Work task:
Return every line of the data below exactly, but do not include the images.

Given data:
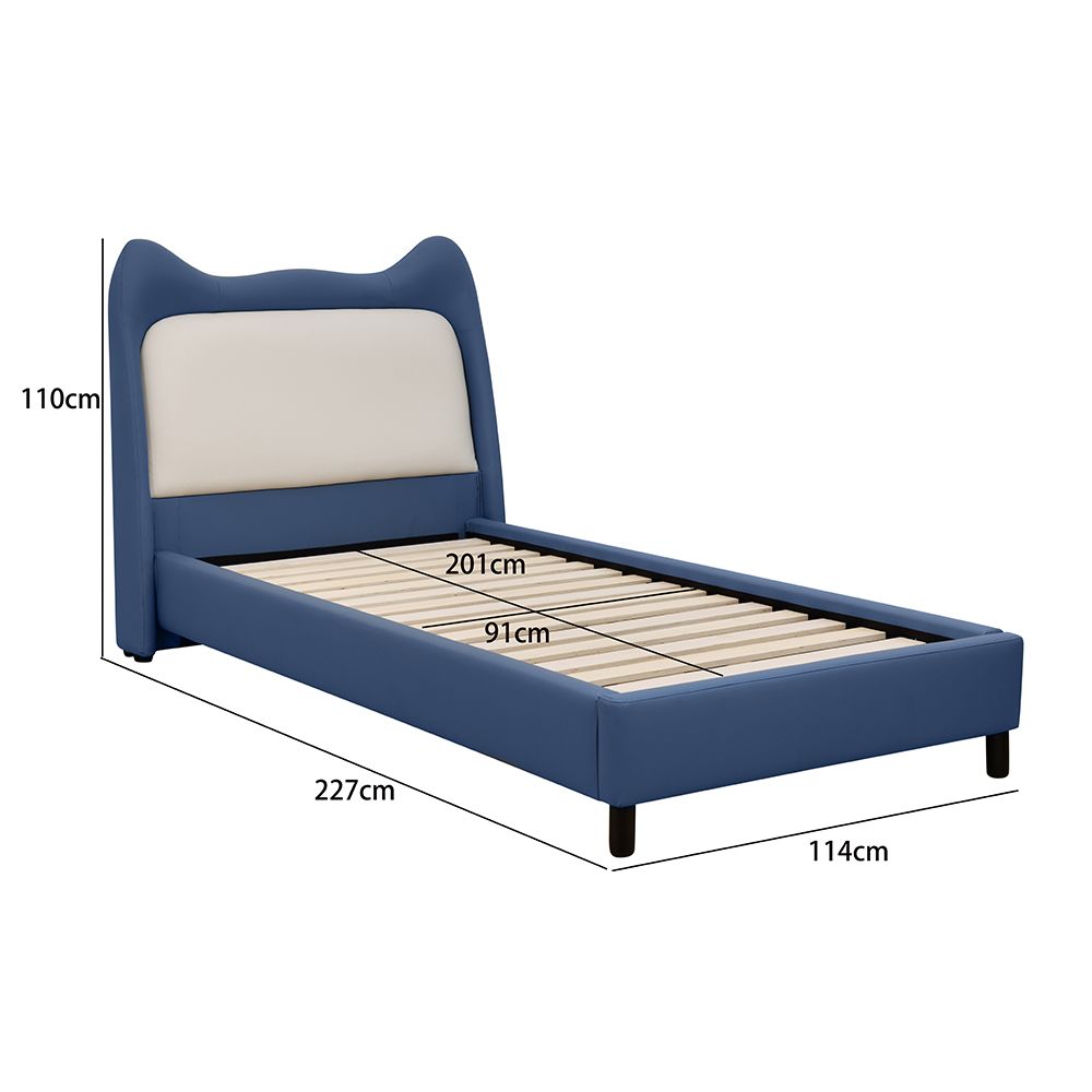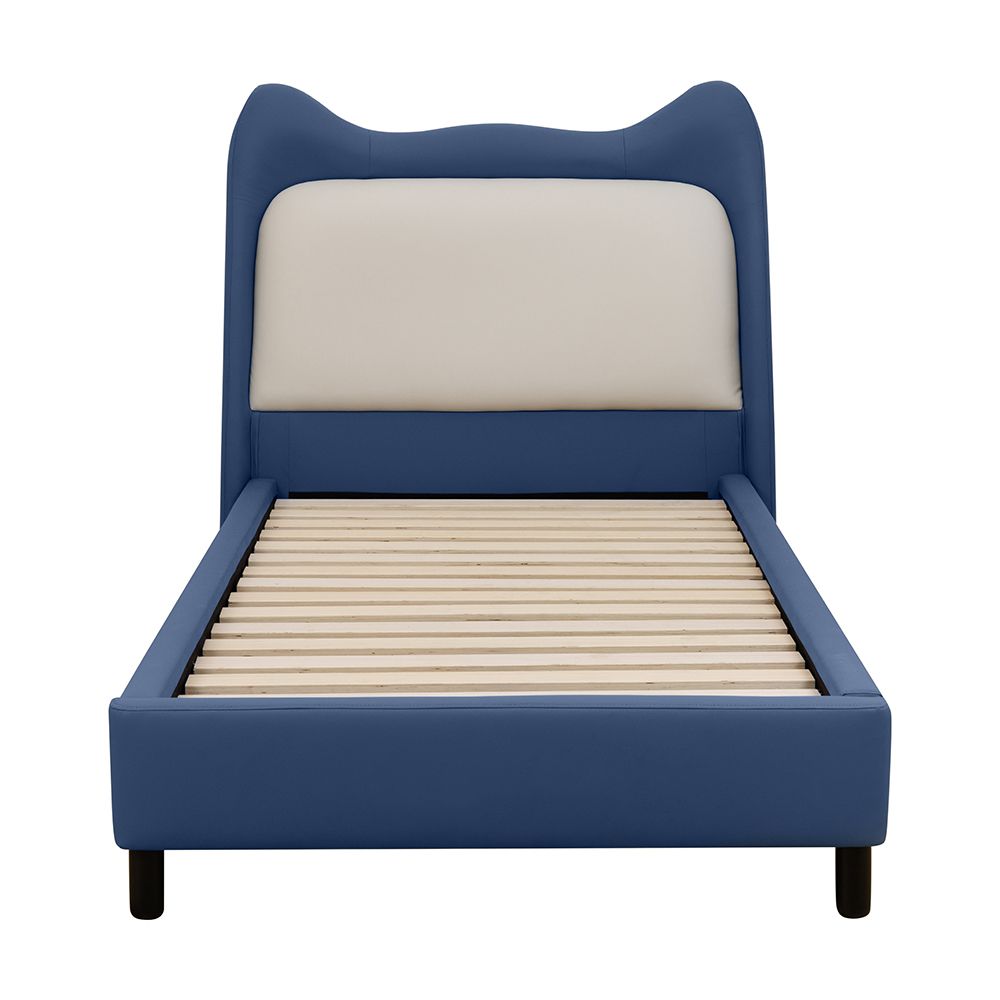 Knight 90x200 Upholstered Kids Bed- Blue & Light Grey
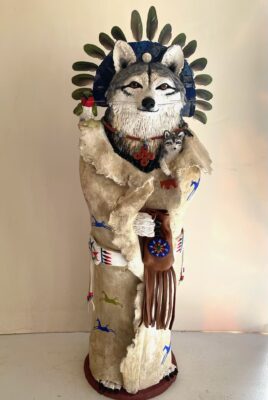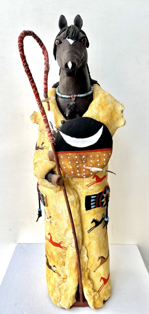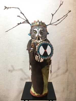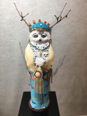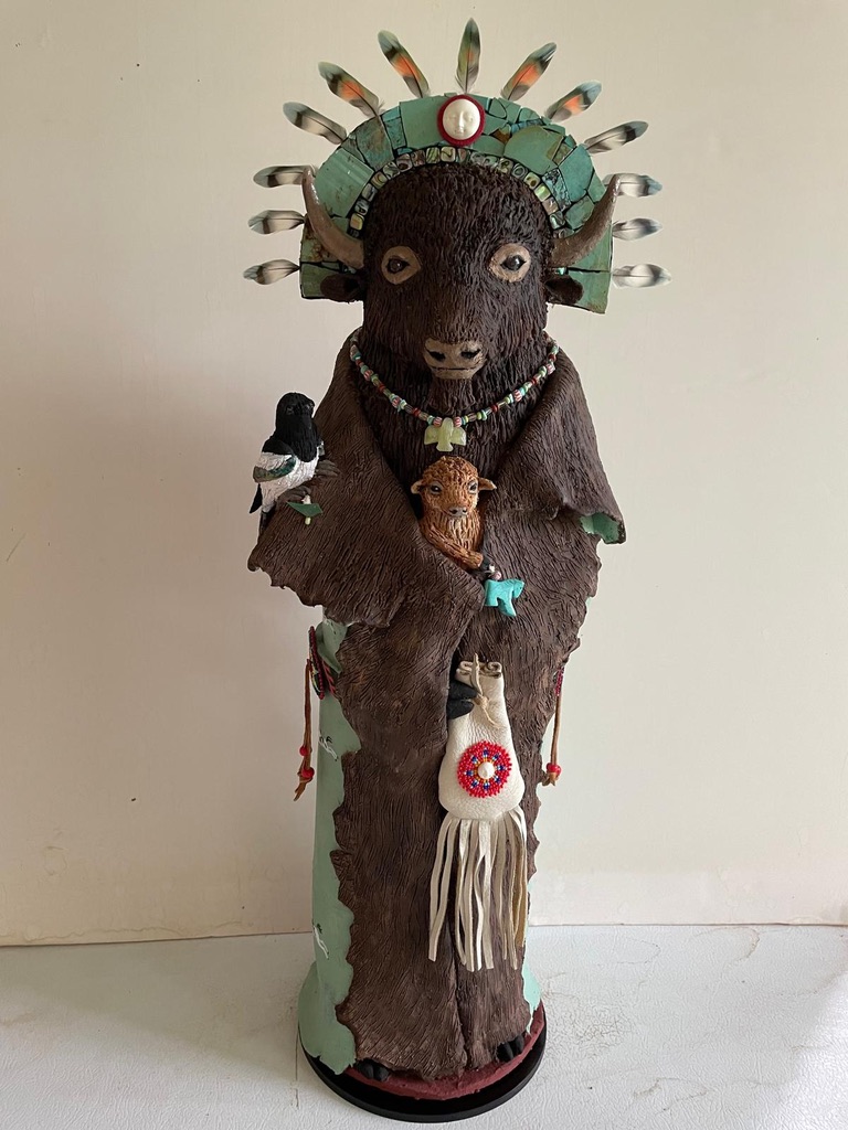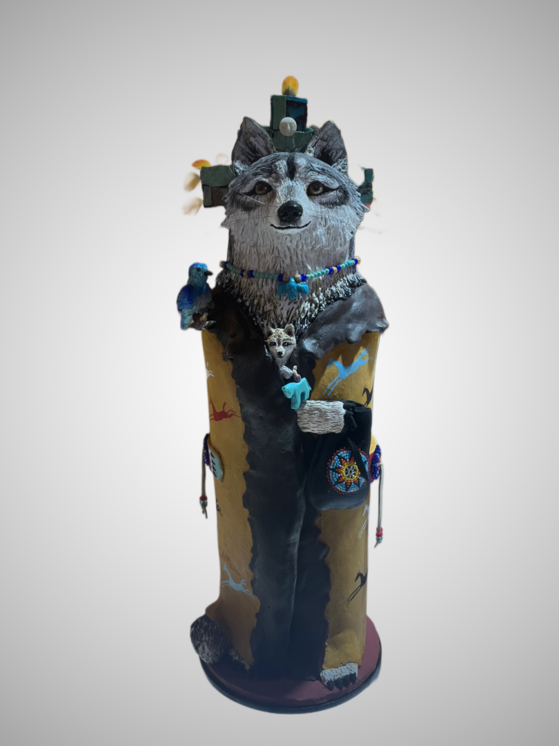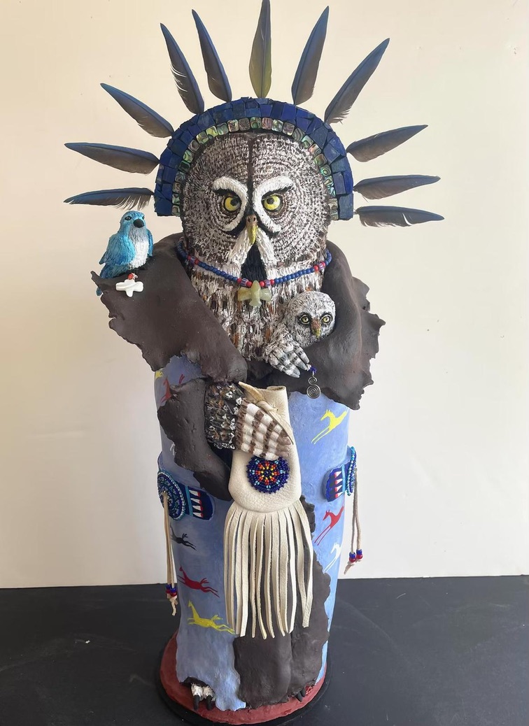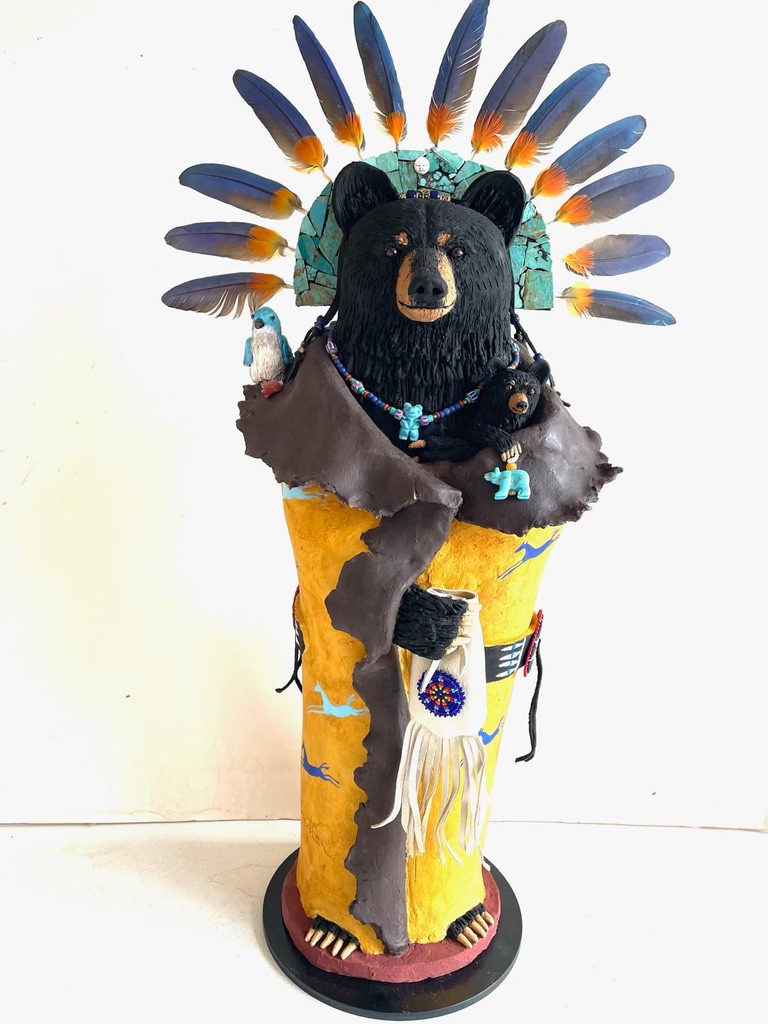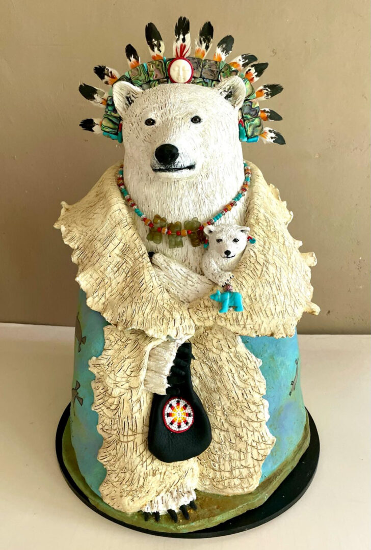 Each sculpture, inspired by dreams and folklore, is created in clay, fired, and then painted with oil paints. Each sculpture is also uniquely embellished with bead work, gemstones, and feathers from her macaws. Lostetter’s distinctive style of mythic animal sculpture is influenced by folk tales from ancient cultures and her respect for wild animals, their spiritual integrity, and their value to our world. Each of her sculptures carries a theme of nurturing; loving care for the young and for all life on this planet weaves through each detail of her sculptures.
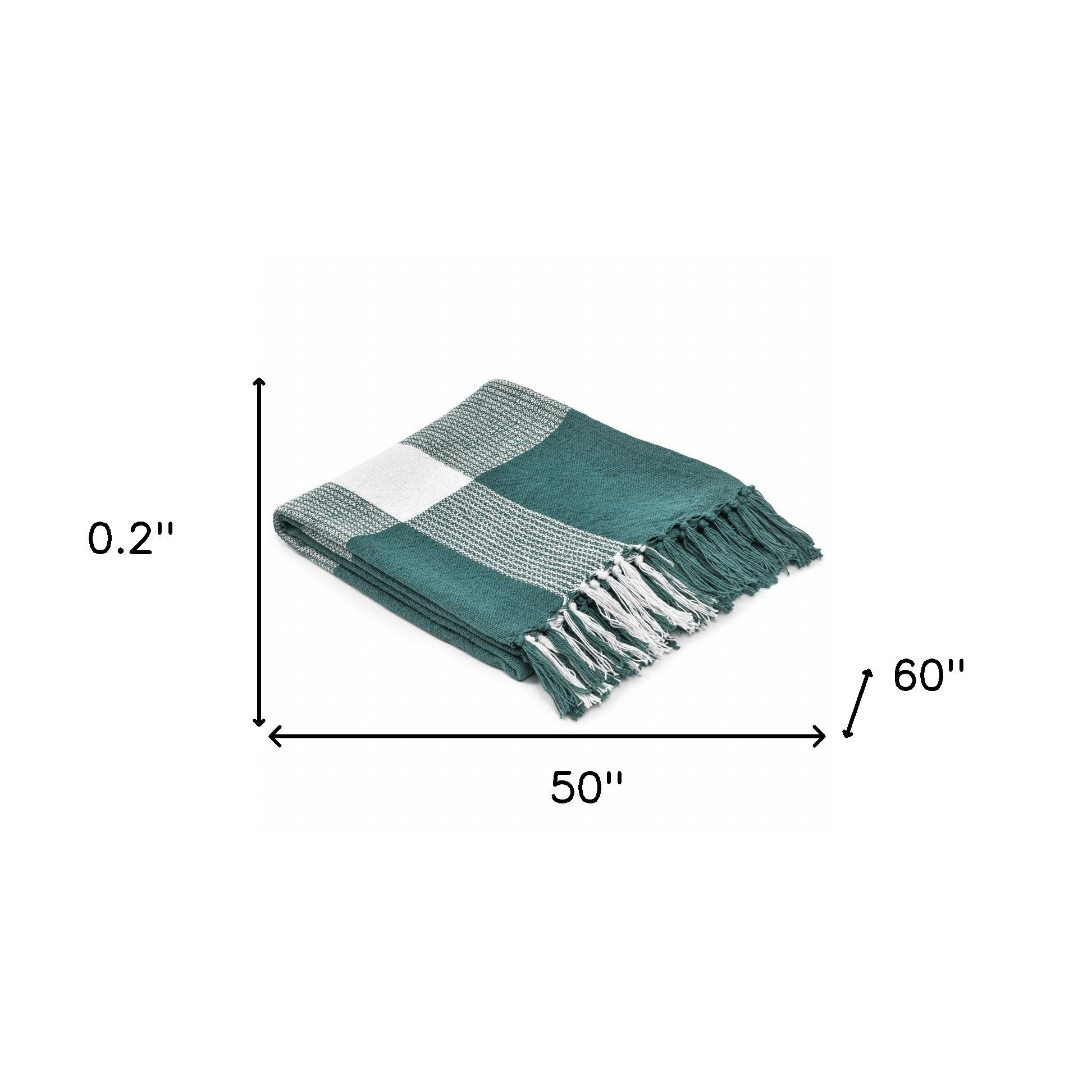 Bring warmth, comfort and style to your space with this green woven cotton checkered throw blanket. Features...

Answer space:
 Knight 90x200 Upholstered Kids Bed- Blue & Light Grey
 Each sculpture, inspired by dreams and folklore, is created in clay, fired, and then painted with oil paints. Each sculpture is also uniquely embellished with bead work, gemstones, and feathers from her macaws. Lostetter’s distinctive style of mythic animal sculpture is influenced by folk tales from ancient cultures and her respect for wild animals, their spiritual integrity, and their value to our world. Each of her sculptures carries a theme of nurturing; loving care for the young and for all life on this planet weaves through each detail of her sculptures.
 Bring warmth, comfort and style to your space with this green woven cotton checkered throw blanket. Features...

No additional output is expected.